Artemis & Posthumoose Lock Down the Board in Elestrals - Lifestream
- Greg Montique
- 3 hours ago
- 3 min read
The Artemis Starter Deck from the Lifestream set isn’t your typical “drop big bodies and swing” Elestrals deck. Instead, it leans into a style of play built around disrupting your opponent’s plans, shutting off their key abilities, and then grinding them down with repeated recursion from the Underworld. It’s slow, deliberate, and tactical—like a hunter stalking its prey under moonlight.
If you like winning games because your opponent slowly runs out of options while your board keeps returning from the grave, Artemis is absolutely your lane.
How Artemis Plays – Tempo Through Denial and Attrition
Artemis has a very particular rhythm. It doesn’t rush the board or try to overwhelm early. Instead, it builds small, incremental advantages by interfering with your opponent’s Elestral abilities. Many decks rely heavily on triggered or ongoing effects for tempo and Artemis punishes that dependence.

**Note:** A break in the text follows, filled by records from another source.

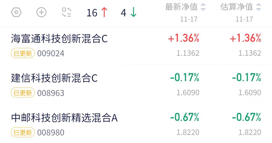 $建信科技创新混合C(OTCFUND|008963)$今天调整0.17%$中邮科技创新精选混合A(OTCFUND|008980)$今天调整0.67%
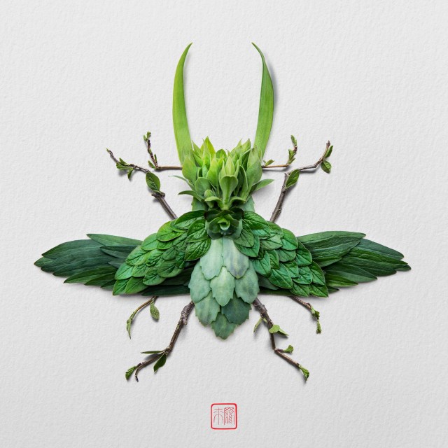 Raku Inoue (previously)recently look an extended road trip to several destinations in the American Southwest. During his journey he created a scorpion-shaped arrangement from seeds, sticks, and a pepper found at Antelope Canyon in Arizona, and utilized a fallen cactus segment near Horseshoe Bend as the abdomen in a prickly tarantula. Other works created with found natural elements during Inoue’s trip include a turtle bug, red ant, and centipede.
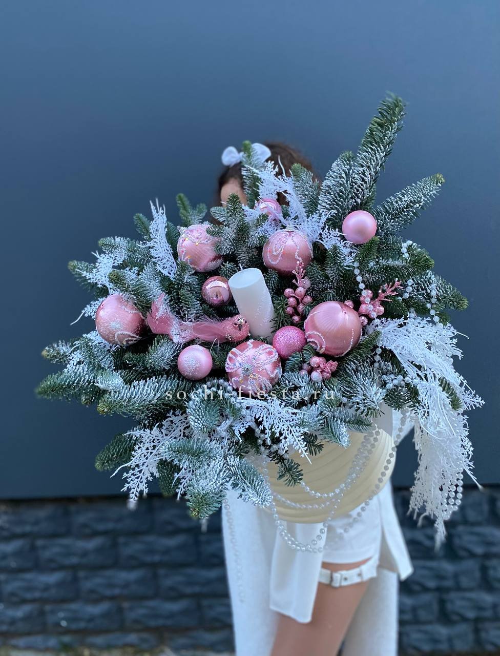 нобилис, цилиндр, оазис, свечи, новогодние игрушки, декор ВНИМАНИЕ! Готовая композиция (декор) может иметь незначительные внешние отличия от примера на фотографии.
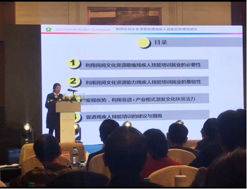 我校艺术学院教师应邀参加论坛并做代表性发言,论述新形势下,如何充分利用民间文化资源尤其是非物质文化遗产传统手工艺帮助残疾人掌握一门技能,获得一个就业岗位,通过“非遗+”模式激发文化扶贫活力,对口帮扶残疾人提高技能培训质效,肯定了从多元化视角开启残疾人艺术探索的道路。杨四宝教师论文《利用民间文化资源促进残疾人技能培训质效研究 》得到专家热情点评和认可,同时收入论坛论文集。
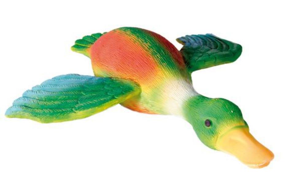 Утка пищит при сжатии, что еще больше раззадоривает собаку и настраивает на игру.
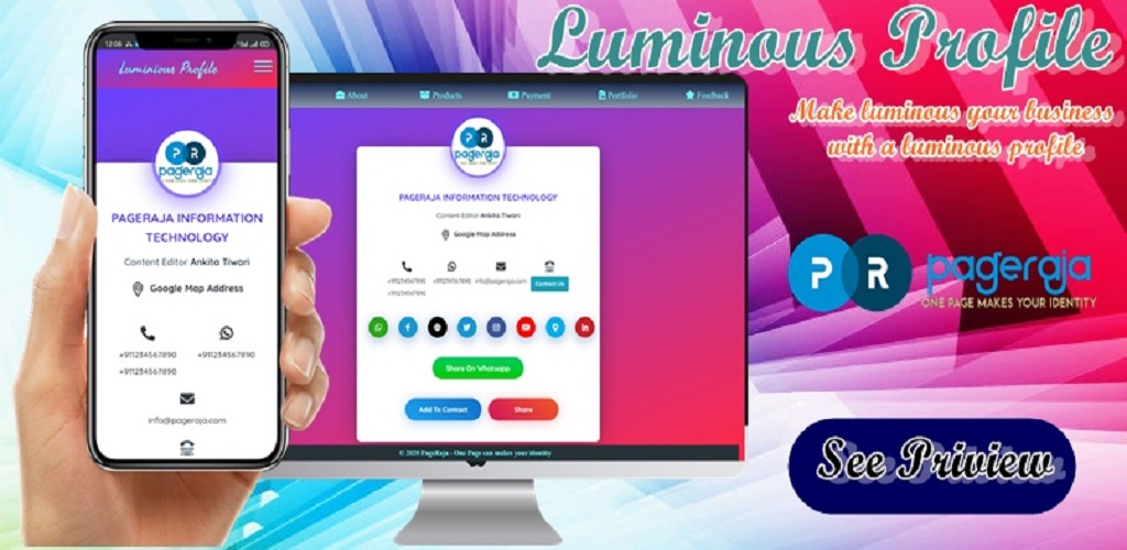 پیج راجا انٹرنیٹ پر ڈیجیٹل صفحات کے ذریعہ آپ کی ڈیجیٹل شناخت فراہم کرتا ہے۔ آپ پیجراجا پلیٹ فارم کا استعمال کرکے اپنا ڈیجیٹل کارڈ بنا سکتے ہیں اور اپنے مؤکل کو متاثر کرسکتے ہیں۔

The deck’s plan is simple: Turn off what your opponent is trying to do, keep your own engine running, and outlast them.
This creates a play pattern that feels calculated and methodical. You aren’t just reacting, you’re shaping the pace of the game.
What Suppress Actually Does (And Why It’s So Strong Here)
“Suppress” is one of the defining mechanics of the Artemis deck, so it’s worth understanding exactly how powerful it is.
To Suppress a card, you temporarily remove that card’s printed effects. Exactly like Misenchanting it, except it comes from another card rather than the rules.
While a card is suppressed:
None of its abilities work.
None of its ongoing effects apply.
None of its triggers happen.
It's just some cardboard full of meaningless words.

This is devastating to many decks in the Lifestream meta, because so many strategies rely on Elestrals with strong on-board abilities—stat buffs, utility effects, resource gain, or protection. When Artemis suppresses those pieces, entire lines of play collapse.
And unlike Misenchanting, which happens due to the game’s structure, Suppression is targeted, intentional, and repeatable. That makes it a core weapon, not a coincidence.
In practice, suppression isn’t just disruption; it’s tempo theft. You’re stripping value from their board while maintaining yours.
Underworld Recursion – The Other Half of Artemis’s Identity
Suppression handles the “deny” side of the deck. Underworld recursion handles the “survive indefinitely” side.
Cards in the Artemis deck can bring back Elestrals or spirits from your underworld to keep you alive longer.

Where most tempo decks suffer if the opponent wipes the board, Artemis can sort of shrug and rebuild:
Suppressed threats stay neutralized
You don't blow through resources
Opponent slowly bleeds resources trying to keep up.
Recursion Artemis feel more like a hybrid tempo-control deck. You’re not trying to win fast; you’re trying to make the game unwinnable for your opponent over time.
Why Artemis Works in the Lifestream Meta
The current Lifestream environment is full of decks that rely on activated abilities, triggered effects, and Elestrals that generate value over time. When you remove those abilities with Suppress, many of those decks fall apart.
On top of that, some of the big meta-defining threats from previous formats are weaker or unavailable. That leaves more breathing room for a grinding denial deck like Artemis to succeed.
Where other starter decks present somewhat straightforward lines, Artemis brings problems opponents aren’t always prepared to solve.
Upgrading Artemis – Leaning Into Suppression and Recursion
If you plan to tune the deck past the stock pre-con, the best improvements are the ones that enhance its identity:

More repeatable suppression effects. These help you lock down entire sections of the opponent’s board.
More recursion tools. The stronger your Underworld loops, the harder it becomes for the opponent to stabilize.
A slightly more resilient midgame. The pre-con can sometimes draw hands that are all tricks and no pressure; smoothing that out turns Artemis from “cute” into “competitive.”
Once upgraded, the deck becomes almost suffocating—your opponent keeps playing Elestrals, and you keep turning them off.
Who Should Play Elestrals Artemis?
If you love:
Controlling tempo through denial
Making your opponent’s cards feel useless
Sandbagging
Winning because you simply outlast everything…
Artemis is perfect for you, and you can pick up the starter deck right from the Elestrals website!
If you prefer big stats, explosive aggro lines, or decks that “just bash,” this will feel too subtle. But for methodical, tactical players, the deck is incredibly rewarding.